Страница 33 из 49
— Вот это ловко! — смотрел на него с недоумением Ползунов. — Выходит, и я не я и вина не моя?
— Знамо, что не моя, — подтвердил Бухтояров.
— Так, может, и плотников никто не увольнял?
— Плотников я отстранил по указу члена Канцелярии господина Улиха.
— Улиха? — и вовсе смешался шихтмейстер, ничего толком не понимая. — А не врешь?
— Никак нет, ваше благородие. Говорю правду. Вас тогда не было на пристани, а господин Улих, едучи из Барнаула в Колывань, задержался тут ненадолго… Вот и велел старых плотников заменить, что я и сотворил по его указке.
— Стало быть, по указке Улиха? — остро глянул на него Ползунов. — Ну, гляди, судный староста, — предупредил на всякий случай, — если облыжничаешь да врешь — вдвойне будет спрошено.
— Какая мне польза врать? Сказываю, как было.
— Было, говоришь? — пытливо смотрел Ползунов. И вдруг вспыхнул и рассердился не на шутку. — Так что ж ты мне раньше о том не сказал?
— Дак вы ж, господин шихтмейстер, и рта не давали раскрыть, — не без попрека напомнил осмелевший Бухтояров. — И слушать не захотели. Как же я мог сказать?
— Ну, ну, оправдывайся, — не сбавил тона и Ползунов, настроенный довольно решительно. — А когда плотников отстранил, почему не поставил в известность? Или опять забыл, кто здесь, на пристани, командир?
— Нет, не забыл. Но думал, вы и без моей подсказки все знаете.
— Откуда ж мне знать, если делалось все за моей спиной?
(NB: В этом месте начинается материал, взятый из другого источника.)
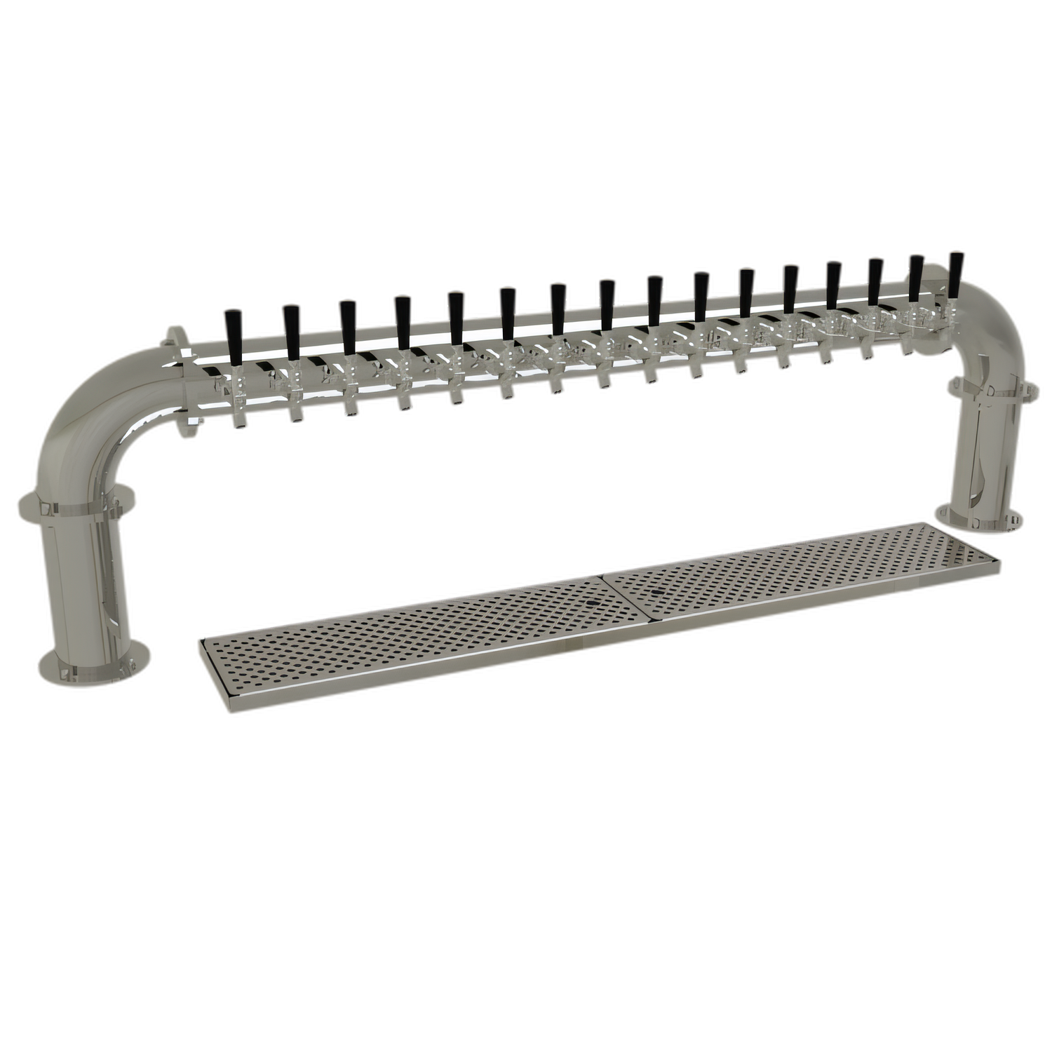 Pipe Pass-Thru Draft Dispensing Tower, countertop, (16) stainless steel faucets (handles not included), air-cooled, (2) 4" columns, surface mount drain pan with removable perforated inserts, all stainless steel construction, mirror finish (NOTE: Made to order, not returnable)"
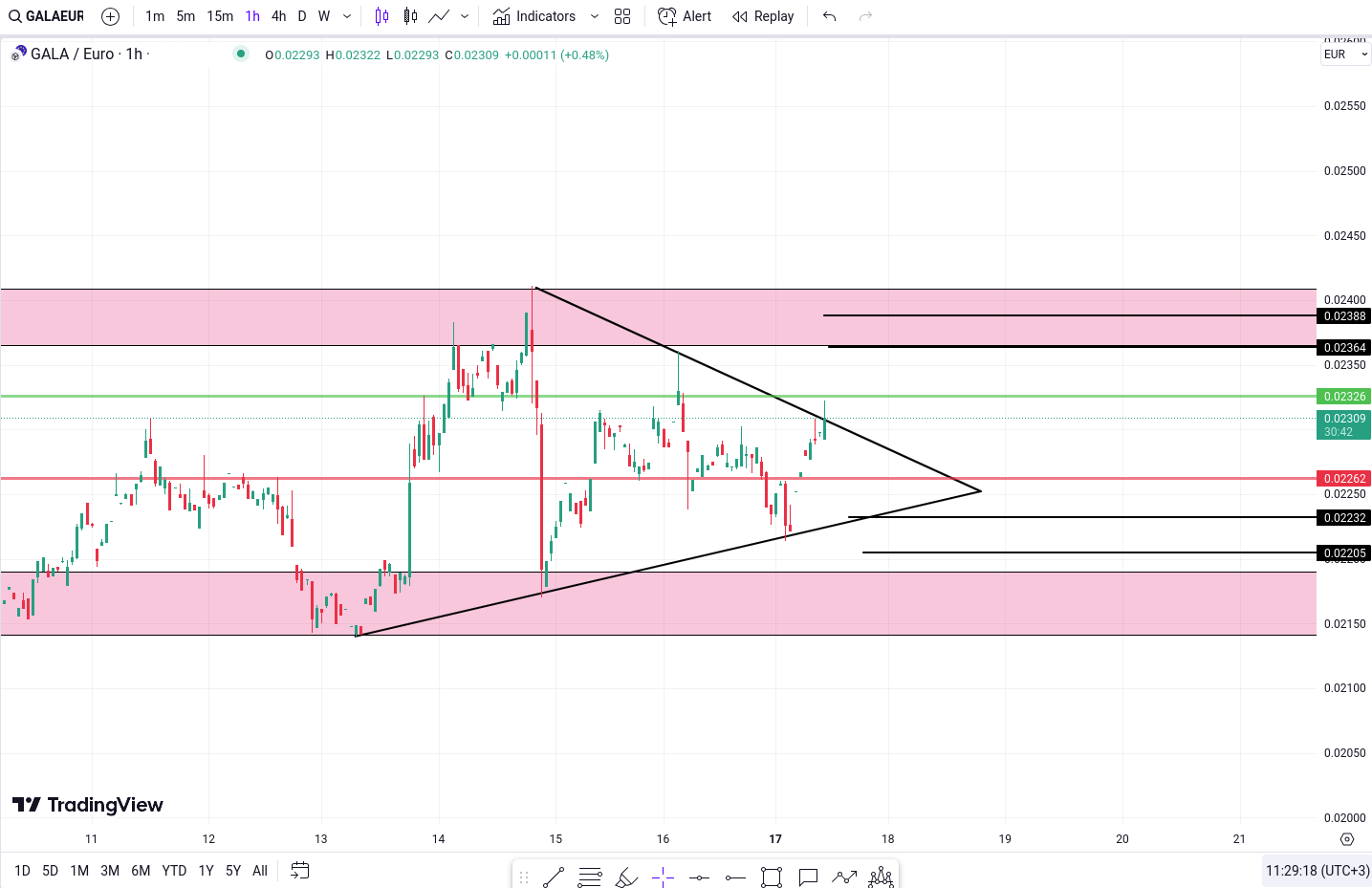 GALA prezinta in prezent un model triunghiular, indicand o faza de consolidare si posibilitatea unei spargeri in viitorul apropiat.

— Так ведь господин Улих обещал уведомить вас бумагой. Вот я и думал, что вы эту бумагу уже получили…
— Плохо думал, — пресек его Ползунов. — Никакой бумаги от господина Улиха я не получал. И обо всем этом впервые слышу, не ведаю только — где ты врешь, а где говоришь правду.
— Нигде я не вру, ваше благородие, — обиделся Бухтояров. — Как говорю, так и было.
— Ладно. Проверим, сколь правдивы твои слова, — строго пообещал и добавил еще строже: — Хотя за такие вилянья да умалчиванья тебе, судный староста, и впрямь стоило бы всыпать хо-орошего батожья.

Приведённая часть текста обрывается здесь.